Description of the task: Retype the listing exactly; omit pictures.

___ Information supplied ___

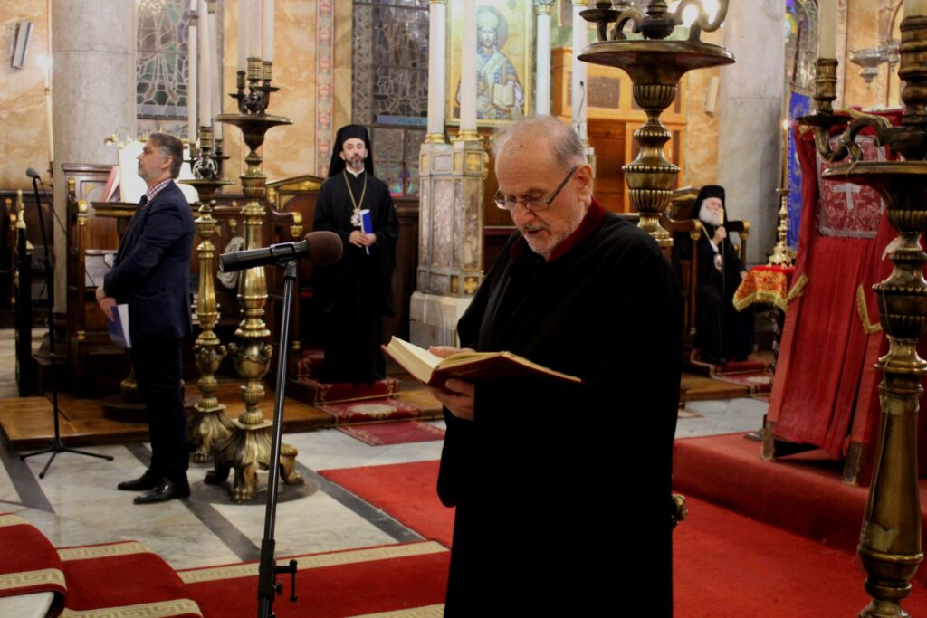Μαζί του συμπροσευχόταν ο Σεβασμιώτατος Μητροπολίτης Πτολεμαΐδος κ. Παντελεήμονας Αρχιγραμματέας της Ιεράς Συνόδου και ο Πανοσιολογιότατος Αρχιμανδρίτης κ. Φιλάρετος.
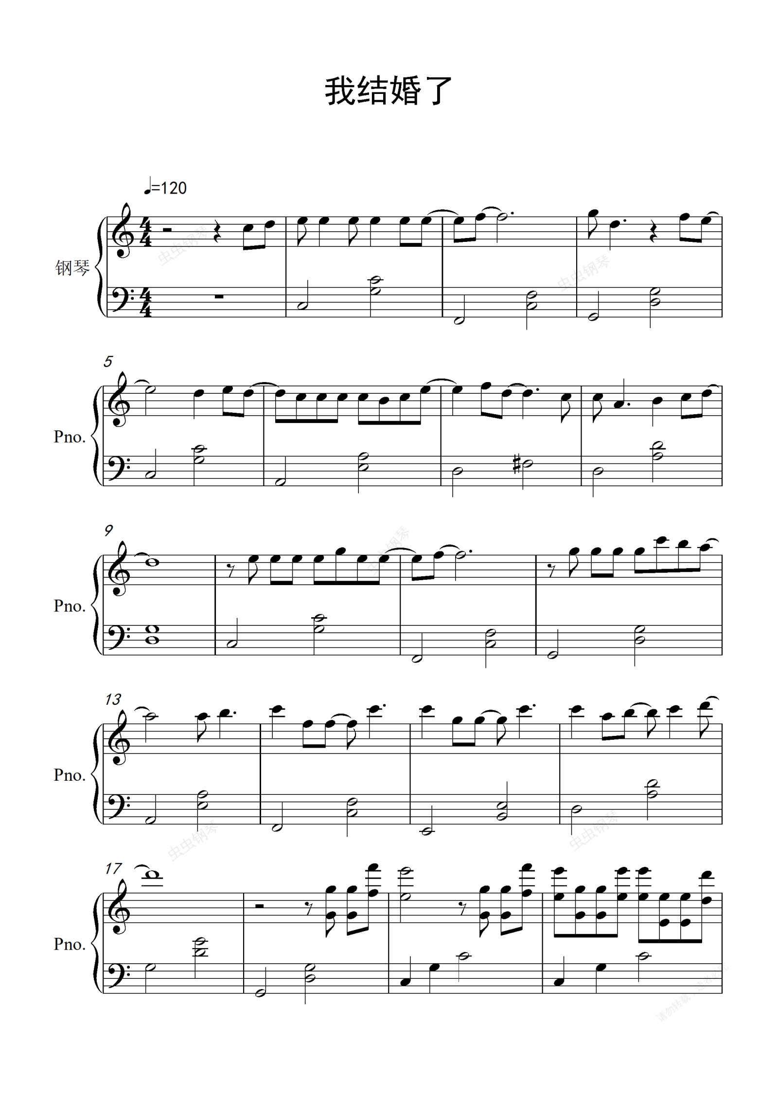 钢琴谱:我结婚了-C调简单版
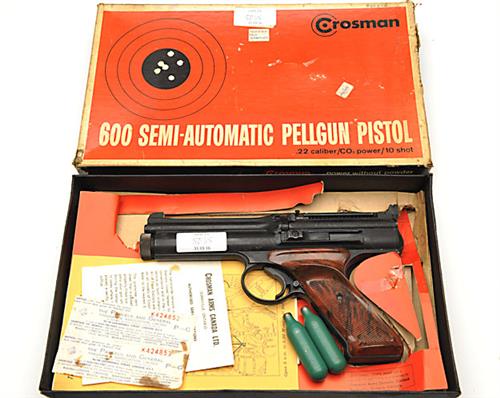 A SCARCE BOXED .22 CO2-POWERED REPEATING AIR-PISTOL SIGNED CROSMAN, MODEL '600 SEMI-AUTOMATIC', serial no. 850512, circa 1960, with 5in. rifled barrel, adjustable sight, black enamelled die-cast barrel housing and receiver signed 'CROSMAN ARMS COMPANY, INC. FAIRPORT N. Y.' over 'PAT. PENDING' on the rear left hand side, and 'CROSMAN 600 SEMI-AUTOMATIC' in raised letters on the right, die-cast trigger and mottled brown chequered plastic grips TOGETHER WITH its original card carton with printed card insert (torn, pistol with some minor discolouration to finish), box lid with scuffed edges) valve assembly converted to sparklett cylinders (untested)

___

Response to this exercise:
Μαζί του συμπροσευχόταν ο Σεβασμιώτατος Μητροπολίτης Πτολεμαΐδος κ. Παντελεήμονας Αρχιγραμματέας της Ιεράς Συνόδου και ο Πανοσιολογιότατος Αρχιμανδρίτης κ. Φιλάρετος.
 钢琴谱:我结婚了-C调简单版
 A SCARCE BOXED .22 CO2-POWERED REPEATING AIR-PISTOL SIGNED CROSMAN, MODEL '600 SEMI-AUTOMATIC', serial no. 850512, circa 1960, with 5in. rifled barrel, adjustable sight, black enamelled die-cast barrel housing and receiver signed 'CROSMAN ARMS COMPANY, INC. FAIRPORT N. Y.' over 'PAT. PENDING' on the rear left hand side, and 'CROSMAN 600 SEMI-AUTOMATIC' in raised letters on the right, die-cast trigger and mottled brown chequered plastic grips TOGETHER WITH its original card carton with printed card insert (torn, pistol with some minor discolouration to finish), box lid with scuffed edges) valve assembly converted to sparklett cylinders (untested)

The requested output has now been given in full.